Since I am not a Java developer, I ported the library (we are still working on all the features) in Golang and now it’s in the main testcontainers/testcontainers-go organization.
func TestNginxLatestReturn(t *testing.T) {
ctx := context.Background()
req := testcontainers.ContainerRequest{
Image: "nginx",
ExposedPorts: []string{"80/tcp"},
}
nginxC, err := testcontainers.GenericContainer(ctx, testcontainers.GenericContainerRequest{
ContainerRequest: req,
Started: true,
})
if err != nil {
t.Error(err)
}
defer nginxC.Terminate(ctx)
ip, err := nginxC.Host(ctx)
if err != nil {
t.Error(err)
}
port, err := nginxC.MappedPort(ctx, "80")
if err != nil {
t.Error(err)
}
resp, err := http.Get(fmt.Sprintf("http://%s:%s", ip, port.Port()))
if resp.StatusCode != http.StatusOK {
t.Errorf("Expected status code %d. Got %d.", http.StatusOK, resp.StatusCode)
}
}
Creating the Test
This is what it looks like:ctx := context.Background()
req := testcontainers.ContainerRequest{
Image: "nginx",
ExposedPorts: []string{"80/tcp"},
}
nginxC, err := testcontainers.GenericContainer(ctx, testcontainers.GenericContainerRequest{
ContainerRequest: req,
Started: true,
})
if err != nil {
t.Error(err)
}
defer nginxC.Terminate(ctx)
You create the nginx container and with the defer nginxC.Terminate(ctx)
command, you are cleaning up the container when the test is over.

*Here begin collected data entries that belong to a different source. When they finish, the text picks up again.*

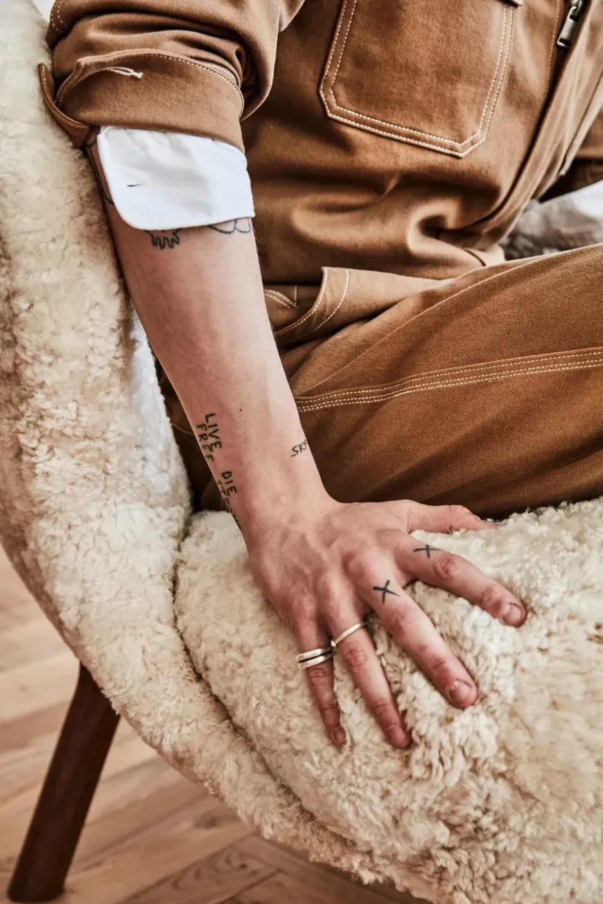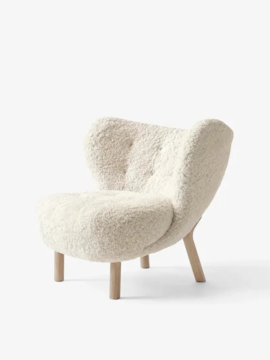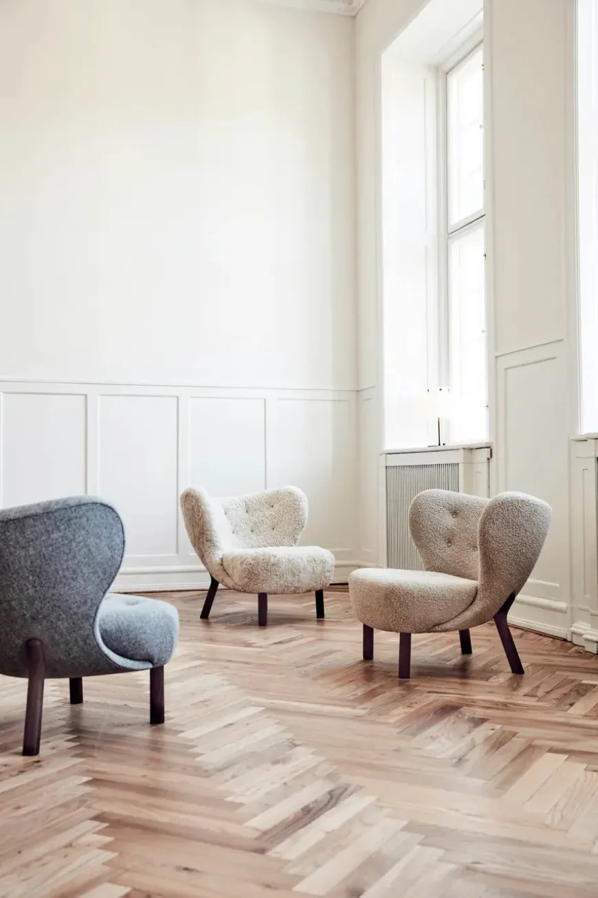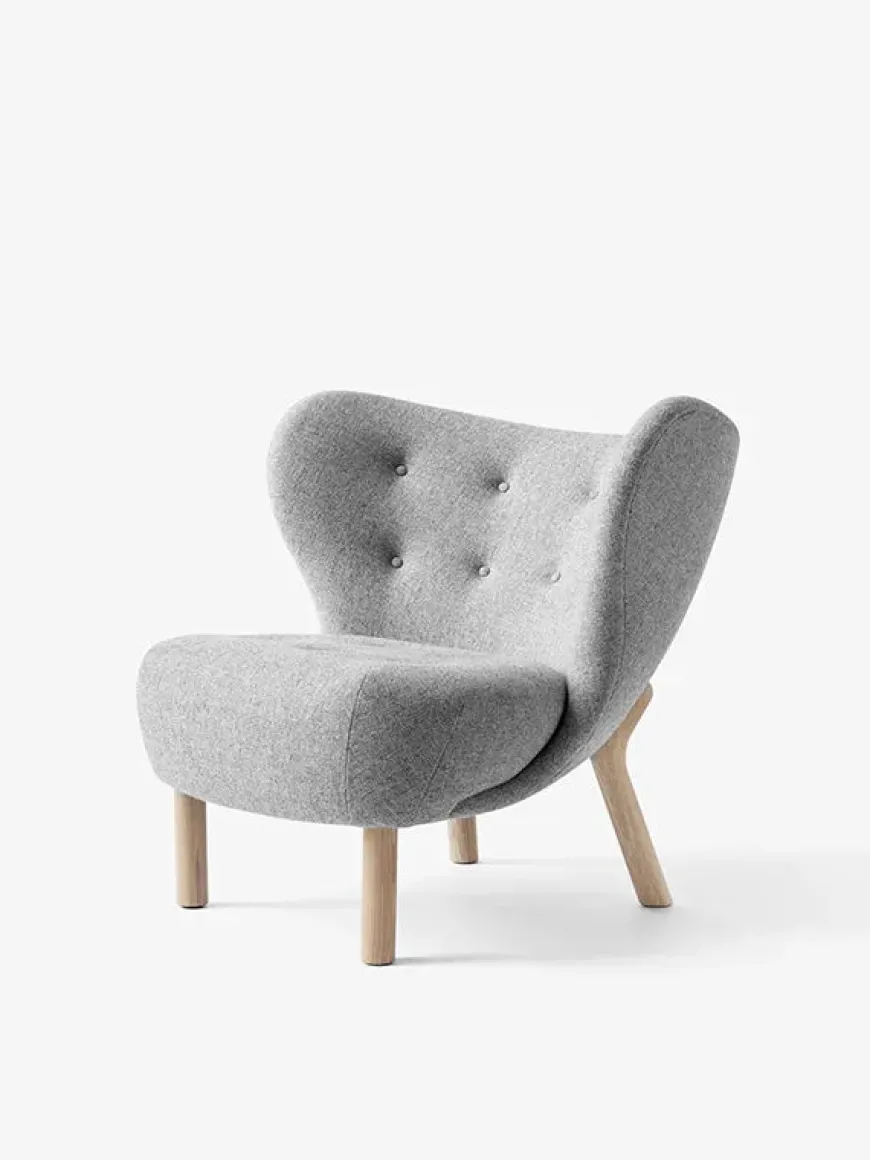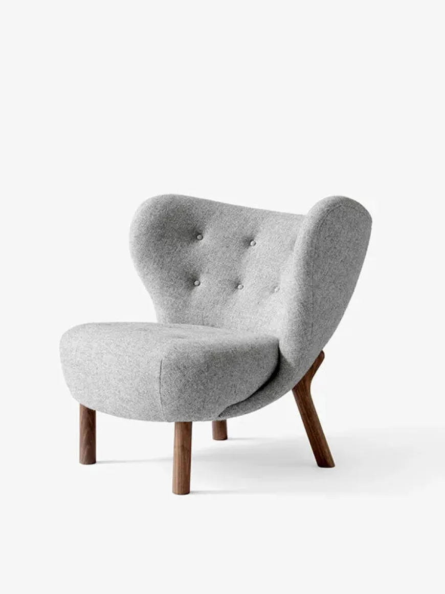 Little Petra lænestolen fra &Tradition er designet af Viggo Boesen i 1938. Stolen ses her i udvalgte udgaver, kontakt butikken hvis ønske om andre stoftyper.
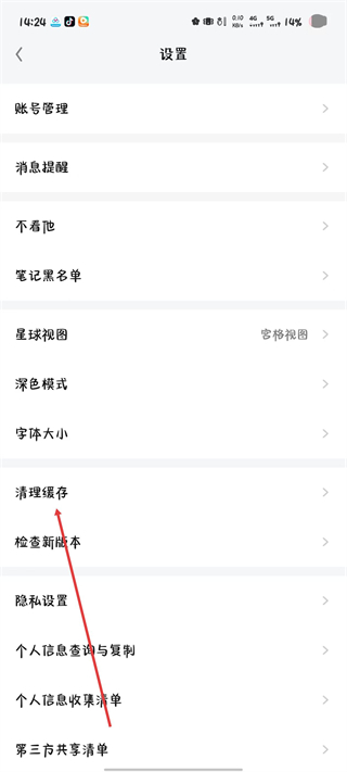 3、在设置页面找到清理缓存选项,点击该选项,弹出确认清理缓存弹窗。
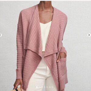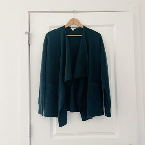 Garnet Hill Drape Front Cabled Cashmere Cardigan Pockets Jade
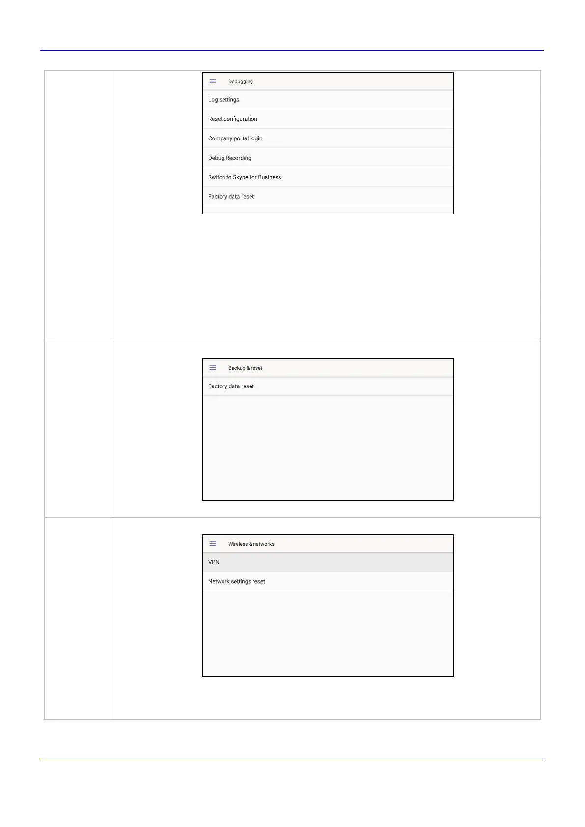 • Factory data reset (the equivalent of restore to defaults; including logout and device reboot).
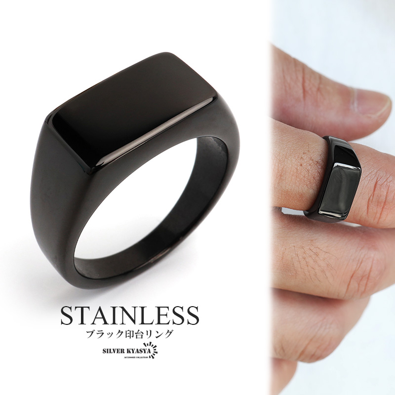 印台リング スタンプリング シンプル シグネットリング 鏡面仕上げ ステンレス ブラック 指輪 金属アレルギー対応
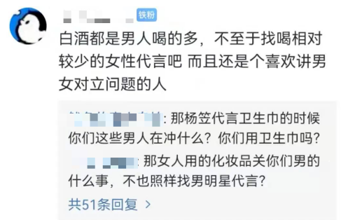 结果宣传一出来,网友立马质疑:白酒都是男性喝得多,不至于找女性代言吧,还是个喜欢讲男女对立问题的人。
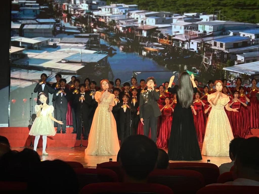 《紫荆花盛开》作为庆祝香港回归25周年的献礼之作,以含蓄温暖的词曲、清澈纯净的童声,深情诠释着香港与内地人民血浓于水的深厚情谊,传递出香港在祖国坚实支持下繁荣稳定的美好图景。随着"日夜相守相望,闪闪星光"的旋律响起,合唱团全体成员挥舞起"星星灯",两名伴舞轻盈入场,与歌声相得益彰。歌曲高潮部分,象征着希望的小女孩以独唱"永远的紫荆花,在爱之下茁壮发芽"惊艳亮相,赢得现场观众热烈掌声。与此同时,旗手上台挥动旗帜,将现场气氛推向最高潮。
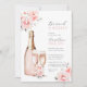 Fint känslig inbjudningskort för möhippa BRUNCH & BUBBLY. Bouquet på rosa vattenfärgspennor, päronblommor med grönt. Champagne flaska flute-glasögon. Brid med blonda hår i vit klänning. Perfekt inbjudan för alla party-duschteman; sommar, vår eller när som helst på året. Lätt redigerbara mallkort. färg, text, teckensnitt kan ändras.
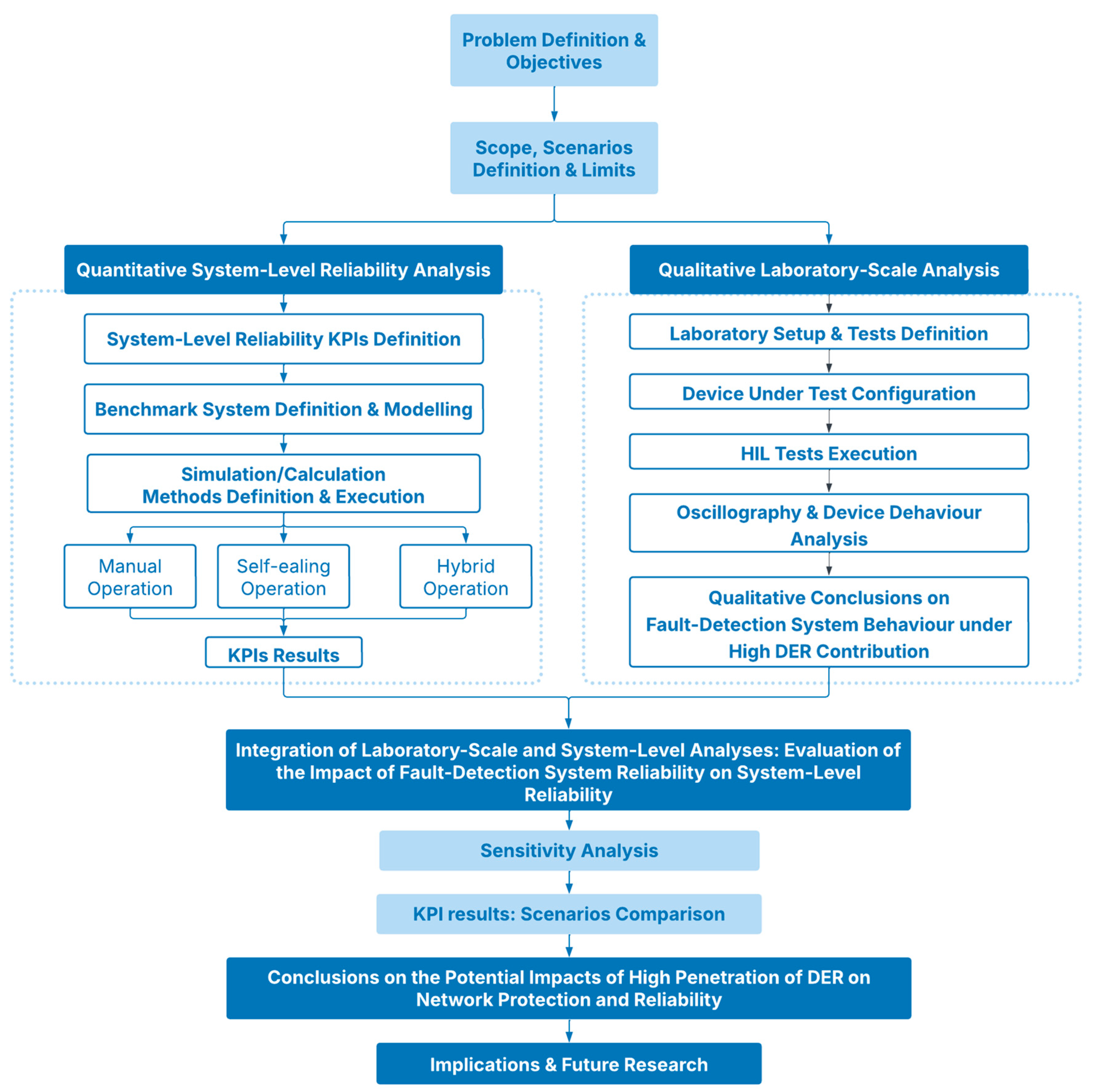 The methodology integrates laboratory testing of protection devices under DER injection conditions with system-level simulations on a benchmark MV network, enabling quantification of reliability impacts across a range of operational scenarios.
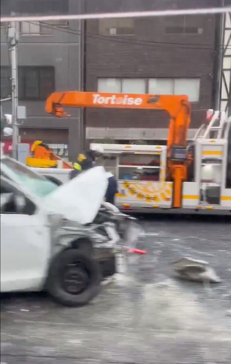 【現場の様子】#交通情報 #国道6号 水戸街道 東京都墨田区向島3丁目付近 車線塞ぐ軽自動車大破事故で上下線規制渋滞3月8日 #渋滞 #墨田区 #曳舟 #浅草
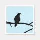 Silhouette Krähe auf einem Baumzweig vor einem himmelblauen Hintergrund.
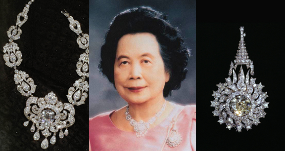 Princess Bejaratana's jewellery collection includes this diamond necklace and a brooch with a Thai crown on top, and one large stone in the centre.
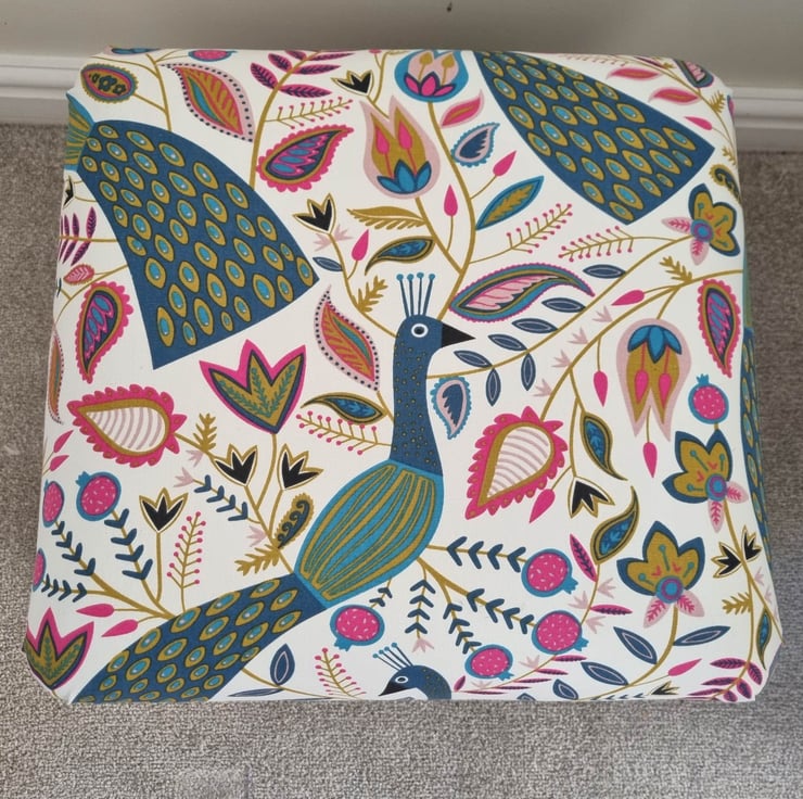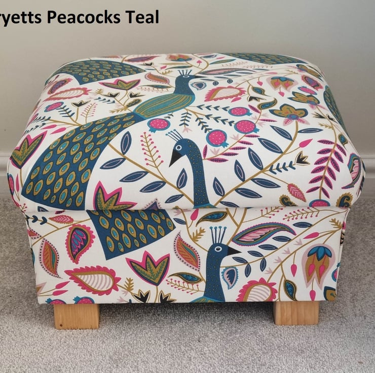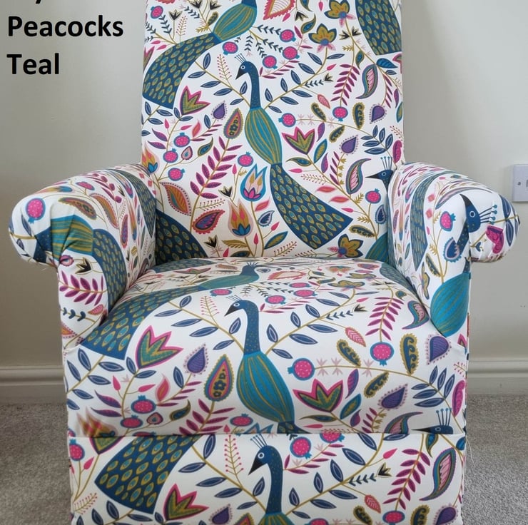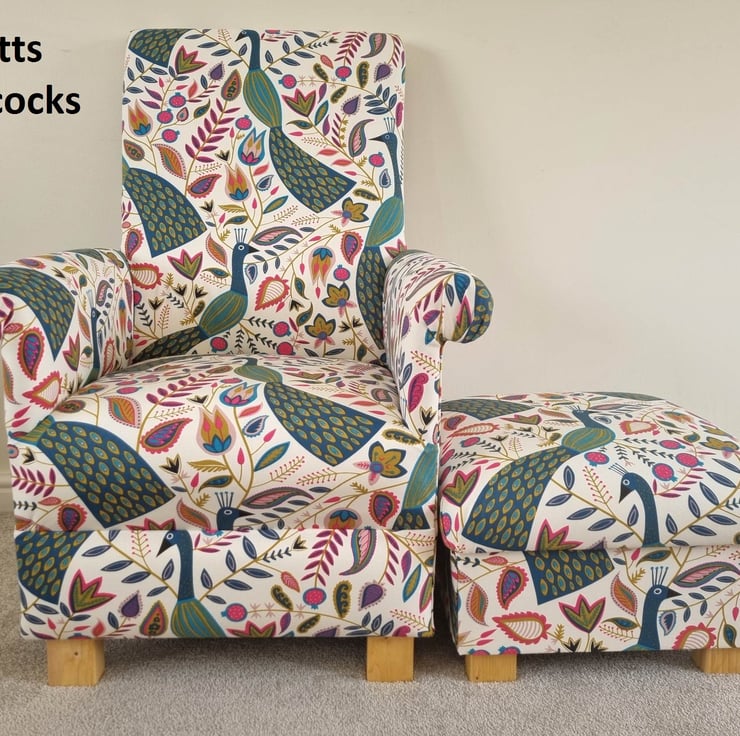 This is a handcrafted, sturdy Adult chair & footstool, which has been made by myself, a professional upholsterer with over 32 years experience, using this lovely Fryetts Peacocks Teal fabric, and also includes a matching footstool.
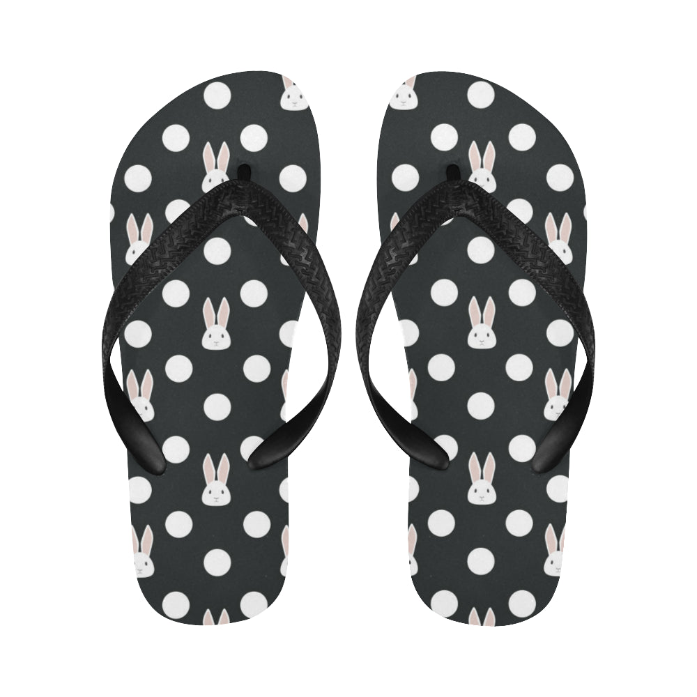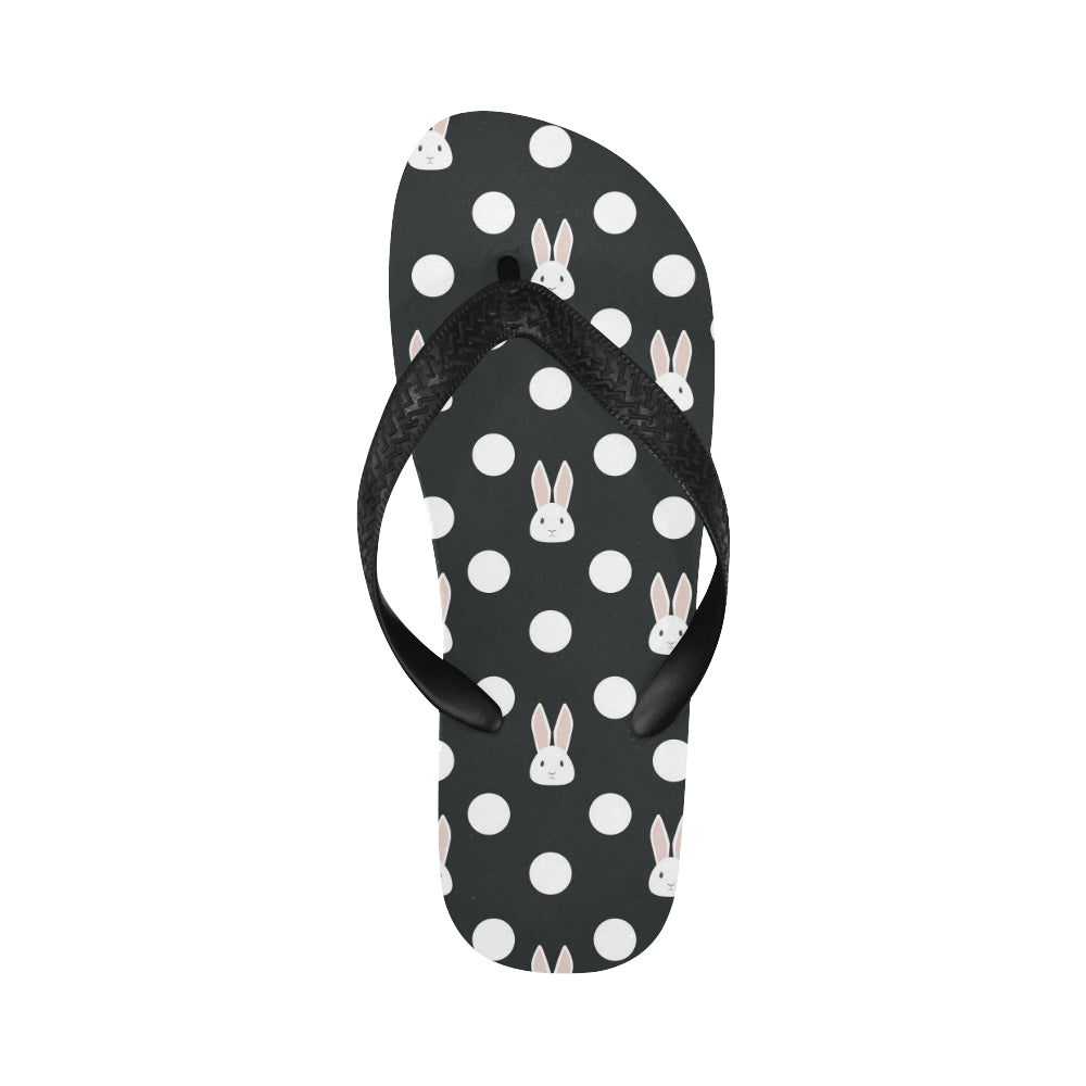 Cute white rabbit polka dots black background Unisex Flip Flops is a uniqued design and limited item. It made to order, hand printed, and sewn with love in our factory.

Remember ryuk? it is not a mandatory command, but testcontainers-go uses it to remove the containers at some point.
Modules
The Java library has a feature called modules where you get pre-canned containers such as databases (mysql, postgress, cassandra, etc.) or applications like nginx.The go version is working on something similar but it is still an open pr.If you’d like to build a microservice your application relies on from the upstream video, this is a great feature. Or if you would like to test how your application behaves from inside a container (probably more similar to where it will run in prod). This is how it works in Java:
@Rule
public GenericContainer dslContainer = new GenericContainer(
new ImageFromDockerfile()
.withFileFromString("folder/someFile.txt", "hello")
.withFileFromClasspath("test.txt", "mappable-resource/test-resource.txt")
.withFileFromClasspath("Dockerfile", "mappable-dockerfile/Dockerfile"))
What I’m working on now
Something that I am currently working on is a newcanned
container that uses kind to spin up Kubernetes clusters inside a container. If your applications use the Kubernetes API, you can test it in integration:
ctx := context.Background()
k := &KubeKindContainer{}
err := k.Start(ctx)
if err != nil {
t.Fatal(err.Error())
}
defer k.Terminate(ctx)
clientset, err := k.GetClientset()
if err != nil {
t.Fatal(err.Error())
}
ns, err := clientset.CoreV1().Namespaces().Get("default", metav1.GetOptions{})
if err != nil {
t.Fatal(err.Error())
}
if ns.GetName() != "default" {
t.Fatalf("Expected default namespace got %s", ns.GetName())
This feature is still a work in progress as you can see from PR67.
Calling All Coders
The Java version for testcontainers is the first one developed, it has a lot of features not ported to the Go version or to other libraries as well such as JavaScript, Rust, .Net.
My suggestion is to try the one written in your language and to contribute to it.
In Go we don’t have a way to programmatically build images. I am thinking to embed
buildkit
or img in order to get a damonless builder that doesn’t depend on Docker. The great part about working with the Go version is that all the container related libraries are already in Go, so you can do a very good work of integration with them.